_Aim of the exercise_
Write out every record in full, keeping each character exactly as it is.

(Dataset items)
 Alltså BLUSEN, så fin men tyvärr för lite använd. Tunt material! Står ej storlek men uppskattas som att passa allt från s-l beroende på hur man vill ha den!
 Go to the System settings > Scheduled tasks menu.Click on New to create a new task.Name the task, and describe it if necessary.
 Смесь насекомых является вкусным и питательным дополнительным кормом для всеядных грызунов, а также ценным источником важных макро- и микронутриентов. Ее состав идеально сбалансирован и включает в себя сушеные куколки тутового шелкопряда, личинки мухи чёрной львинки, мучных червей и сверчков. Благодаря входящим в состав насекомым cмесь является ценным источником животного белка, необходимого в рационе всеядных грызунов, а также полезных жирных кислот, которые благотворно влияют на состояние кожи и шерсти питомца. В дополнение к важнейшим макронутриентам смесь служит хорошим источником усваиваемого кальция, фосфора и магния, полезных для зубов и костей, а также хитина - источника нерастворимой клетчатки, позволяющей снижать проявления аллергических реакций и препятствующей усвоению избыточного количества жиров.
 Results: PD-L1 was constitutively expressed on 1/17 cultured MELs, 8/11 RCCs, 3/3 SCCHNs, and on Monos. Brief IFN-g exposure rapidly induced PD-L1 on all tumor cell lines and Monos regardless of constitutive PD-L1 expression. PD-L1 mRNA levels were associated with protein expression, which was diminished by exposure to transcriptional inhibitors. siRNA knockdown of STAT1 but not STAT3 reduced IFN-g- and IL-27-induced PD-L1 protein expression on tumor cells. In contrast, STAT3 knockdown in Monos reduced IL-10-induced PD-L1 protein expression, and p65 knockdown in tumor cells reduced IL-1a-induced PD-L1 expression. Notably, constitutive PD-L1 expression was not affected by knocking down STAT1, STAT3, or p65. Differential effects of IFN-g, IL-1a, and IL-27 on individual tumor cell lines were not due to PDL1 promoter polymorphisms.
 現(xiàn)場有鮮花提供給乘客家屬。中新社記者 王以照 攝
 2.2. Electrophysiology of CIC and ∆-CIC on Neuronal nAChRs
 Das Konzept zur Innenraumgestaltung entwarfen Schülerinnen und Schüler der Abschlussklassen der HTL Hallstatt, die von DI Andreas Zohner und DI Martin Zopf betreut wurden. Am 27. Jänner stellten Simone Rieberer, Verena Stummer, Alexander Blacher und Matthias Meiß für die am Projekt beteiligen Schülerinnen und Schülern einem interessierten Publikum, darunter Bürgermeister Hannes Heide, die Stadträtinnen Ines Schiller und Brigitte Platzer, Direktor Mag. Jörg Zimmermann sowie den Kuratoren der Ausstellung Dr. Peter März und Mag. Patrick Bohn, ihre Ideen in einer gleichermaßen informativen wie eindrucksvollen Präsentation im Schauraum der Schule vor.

_Your response_
 Alltså BLUSEN, så fin men tyvärr för lite använd. Tunt material! Står ej storlek men uppskattas som att passa allt från s-l beroende på hur man vill ha den!
 Go to the System settings > Scheduled tasks menu.Click on New to create a new task.Name the task, and describe it if necessary.
 Смесь насекомых является вкусным и питательным дополнительным кормом для всеядных грызунов, а также ценным источником важных макро- и микронутриентов. Ее состав идеально сбалансирован и включает в себя сушеные куколки тутового шелкопряда, личинки мухи чёрной львинки, мучных червей и сверчков. Благодаря входящим в состав насекомым cмесь является ценным источником животного белка, необходимого в рационе всеядных грызунов, а также полезных жирных кислот, которые благотворно влияют на состояние кожи и шерсти питомца. В дополнение к важнейшим макронутриентам смесь служит хорошим источником усваиваемого кальция, фосфора и магния, полезных для зубов и костей, а также хитина - источника нерастворимой клетчатки, позволяющей снижать проявления аллергических реакций и препятствующей усвоению избыточного количества жиров.
 Results: PD-L1 was constitutively expressed on 1/17 cultured MELs, 8/11 RCCs, 3/3 SCCHNs, and on Monos. Brief IFN-g exposure rapidly induced PD-L1 on all tumor cell lines and Monos regardless of constitutive PD-L1 expression. PD-L1 mRNA levels were associated with protein expression, which was diminished by exposure to transcriptional inhibitors. siRNA knockdown of STAT1 but not STAT3 reduced IFN-g- and IL-27-induced PD-L1 protein expression on tumor cells. In contrast, STAT3 knockdown in Monos reduced IL-10-induced PD-L1 protein expression, and p65 knockdown in tumor cells reduced IL-1a-induced PD-L1 expression. Notably, constitutive PD-L1 expression was not affected by knocking down STAT1, STAT3, or p65. Differential effects of IFN-g, IL-1a, and IL-27 on individual tumor cell lines were not due to PDL1 promoter polymorphisms.
 現(xiàn)場有鮮花提供給乘客家屬。中新社記者 王以照 攝
 2.2. Electrophysiology of CIC and ∆-CIC on Neuronal nAChRs
 Das Konzept zur Innenraumgestaltung entwarfen Schülerinnen und Schüler der Abschlussklassen der HTL Hallstatt, die von DI Andreas Zohner und DI Martin Zopf betreut wurden. Am 27. Jänner stellten Simone Rieberer, Verena Stummer, Alexander Blacher und Matthias Meiß für die am Projekt beteiligen Schülerinnen und Schülern einem interessierten Publikum, darunter Bürgermeister Hannes Heide, die Stadträtinnen Ines Schiller und Brigitte Platzer, Direktor Mag. Jörg Zimmermann sowie den Kuratoren der Ausstellung Dr. Peter März und Mag. Patrick Bohn, ihre Ideen in einer gleichermaßen informativen wie eindrucksvollen Präsentation im Schauraum der Schule vor.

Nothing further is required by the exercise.